What to produce: Copy the records below exactly, starting at the line that contains "Es gab eigene" and ending at the line that contains "Hydropneumatic cylinders find"; leave out any pictures.

[Opening Task inputs section]

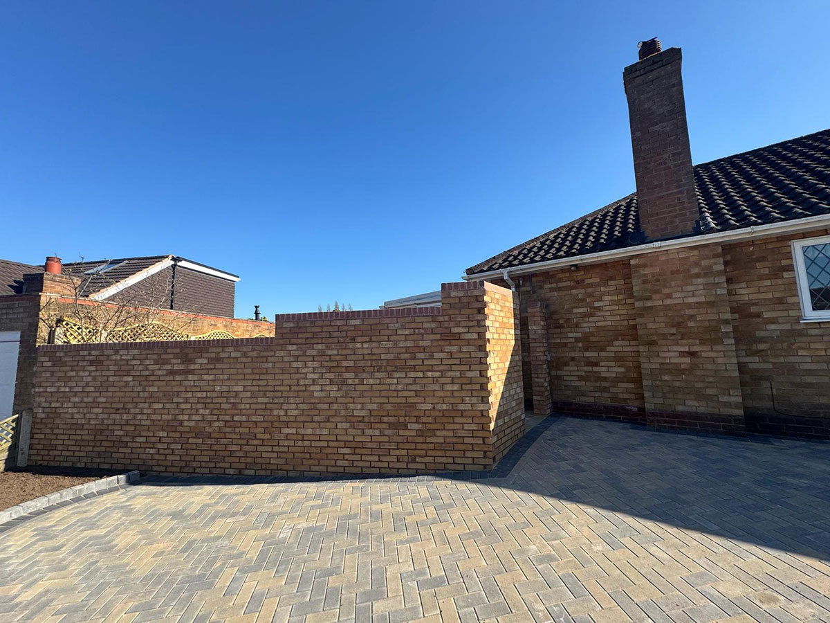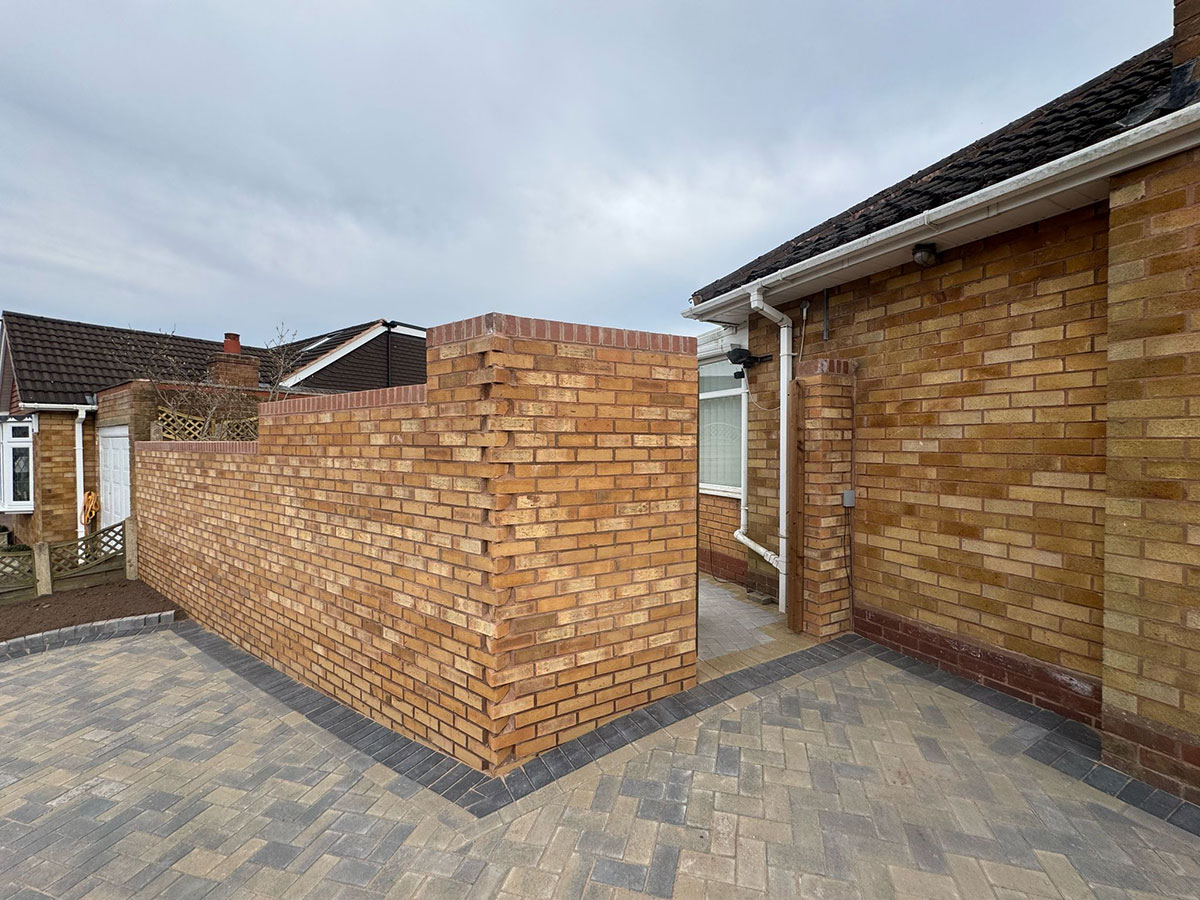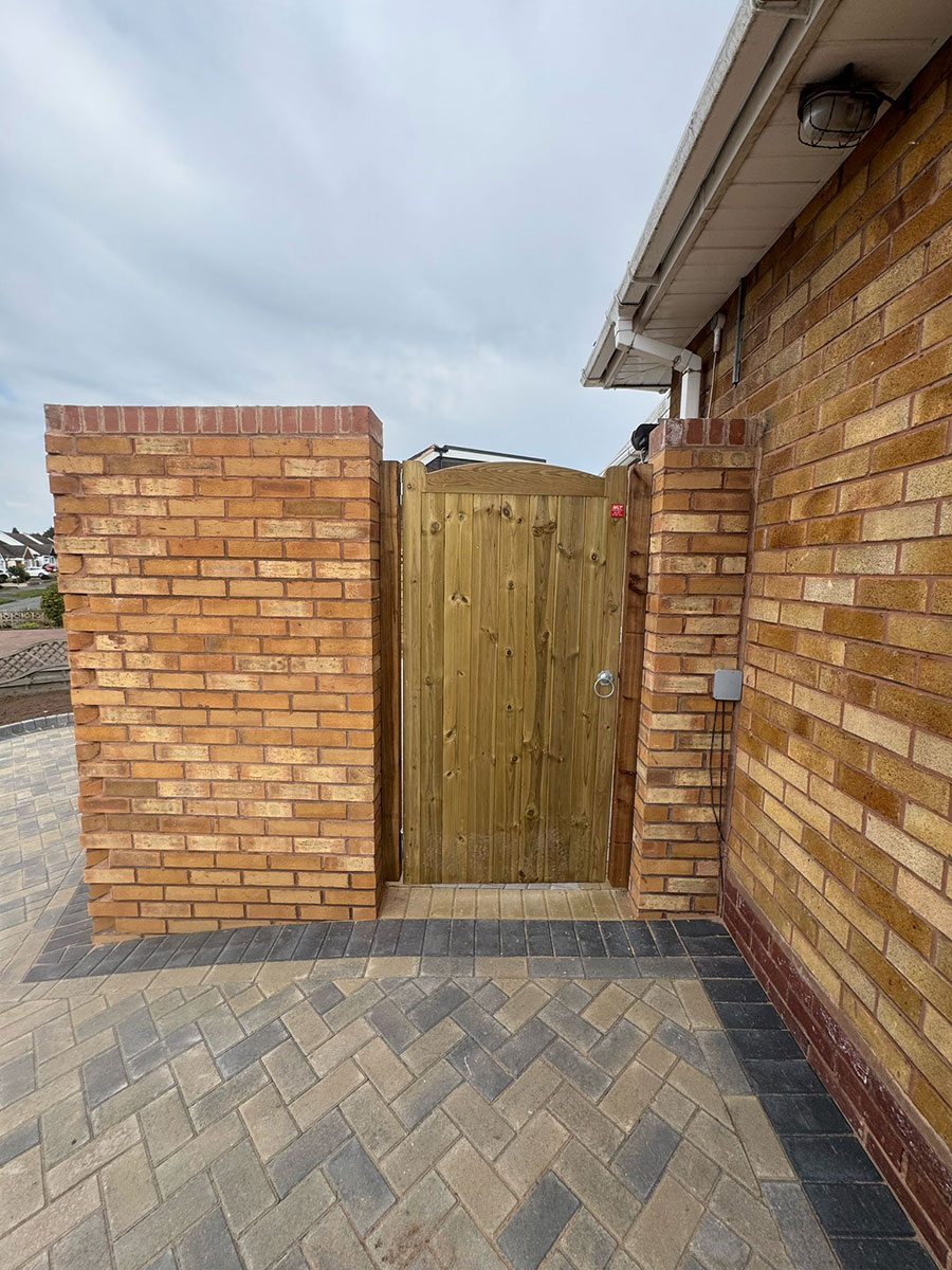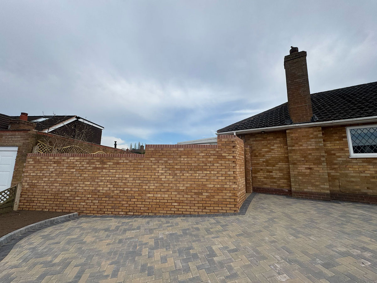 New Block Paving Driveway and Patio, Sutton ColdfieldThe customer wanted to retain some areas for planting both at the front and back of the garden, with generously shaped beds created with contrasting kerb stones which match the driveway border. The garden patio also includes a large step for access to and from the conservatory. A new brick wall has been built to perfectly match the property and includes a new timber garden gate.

[Closing Task inputs section]
[Opening Task inputs section]

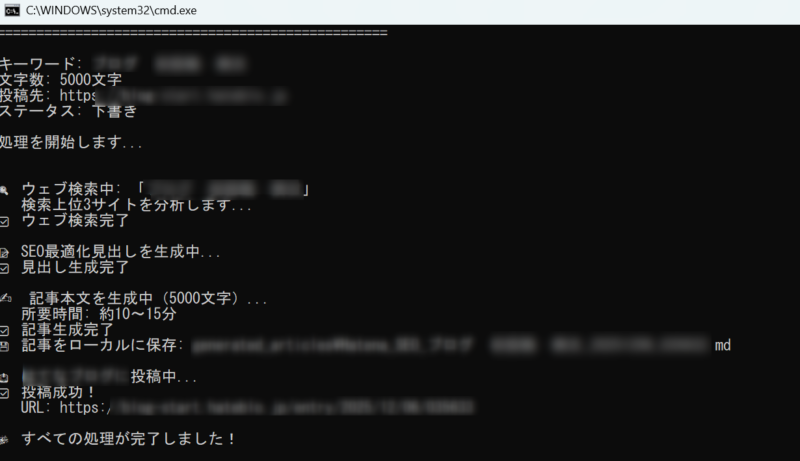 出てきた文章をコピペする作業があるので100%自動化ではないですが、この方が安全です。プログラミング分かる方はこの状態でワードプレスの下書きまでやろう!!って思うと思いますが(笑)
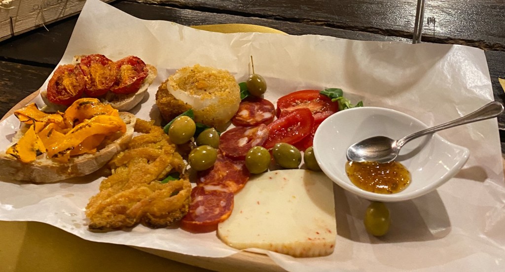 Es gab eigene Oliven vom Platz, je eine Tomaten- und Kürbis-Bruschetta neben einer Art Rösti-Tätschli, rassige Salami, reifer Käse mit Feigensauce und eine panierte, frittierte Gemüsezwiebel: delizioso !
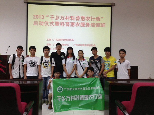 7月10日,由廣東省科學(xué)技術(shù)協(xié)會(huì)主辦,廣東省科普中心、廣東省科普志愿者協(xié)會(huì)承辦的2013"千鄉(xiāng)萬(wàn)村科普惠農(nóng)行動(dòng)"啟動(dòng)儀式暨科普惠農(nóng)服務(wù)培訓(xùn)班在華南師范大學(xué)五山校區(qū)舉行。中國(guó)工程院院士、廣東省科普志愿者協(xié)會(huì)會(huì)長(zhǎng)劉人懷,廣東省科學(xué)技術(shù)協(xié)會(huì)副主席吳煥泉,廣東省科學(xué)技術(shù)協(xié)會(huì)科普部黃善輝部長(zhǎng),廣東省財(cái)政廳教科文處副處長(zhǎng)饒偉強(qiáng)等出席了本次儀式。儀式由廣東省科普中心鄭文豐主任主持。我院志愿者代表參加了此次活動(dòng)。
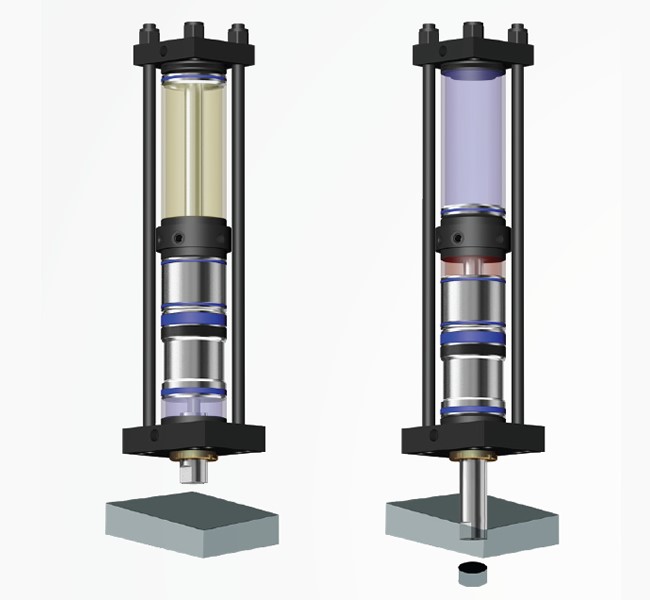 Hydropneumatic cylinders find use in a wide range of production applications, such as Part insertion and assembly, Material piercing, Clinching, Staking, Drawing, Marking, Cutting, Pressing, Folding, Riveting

[Closing Task inputs section]

Your response:
 Es gab eigene Oliven vom Platz, je eine Tomaten- und Kürbis-Bruschetta neben einer Art Rösti-Tätschli, rassige Salami, reifer Käse mit Feigensauce und eine panierte, frittierte Gemüsezwiebel: delizioso !
 7月10日,由廣東省科學(xué)技術(shù)協(xié)會(huì)主辦,廣東省科普中心、廣東省科普志愿者協(xié)會(huì)承辦的2013"千鄉(xiāng)萬(wàn)村科普惠農(nóng)行動(dòng)"啟動(dòng)儀式暨科普惠農(nóng)服務(wù)培訓(xùn)班在華南師范大學(xué)五山校區(qū)舉行。中國(guó)工程院院士、廣東省科普志愿者協(xié)會(huì)會(huì)長(zhǎng)劉人懷,廣東省科學(xué)技術(shù)協(xié)會(huì)副主席吳煥泉,廣東省科學(xué)技術(shù)協(xié)會(huì)科普部黃善輝部長(zhǎng),廣東省財(cái)政廳教科文處副處長(zhǎng)饒偉強(qiáng)等出席了本次儀式。儀式由廣東省科普中心鄭文豐主任主持。我院志愿者代表參加了此次活動(dòng)。
 Hydropneumatic cylinders find use in a wide range of production applications, such as Part insertion and assembly, Material piercing, Clinching, Staking, Drawing, Marking, Cutting, Pressing, Folding, Riveting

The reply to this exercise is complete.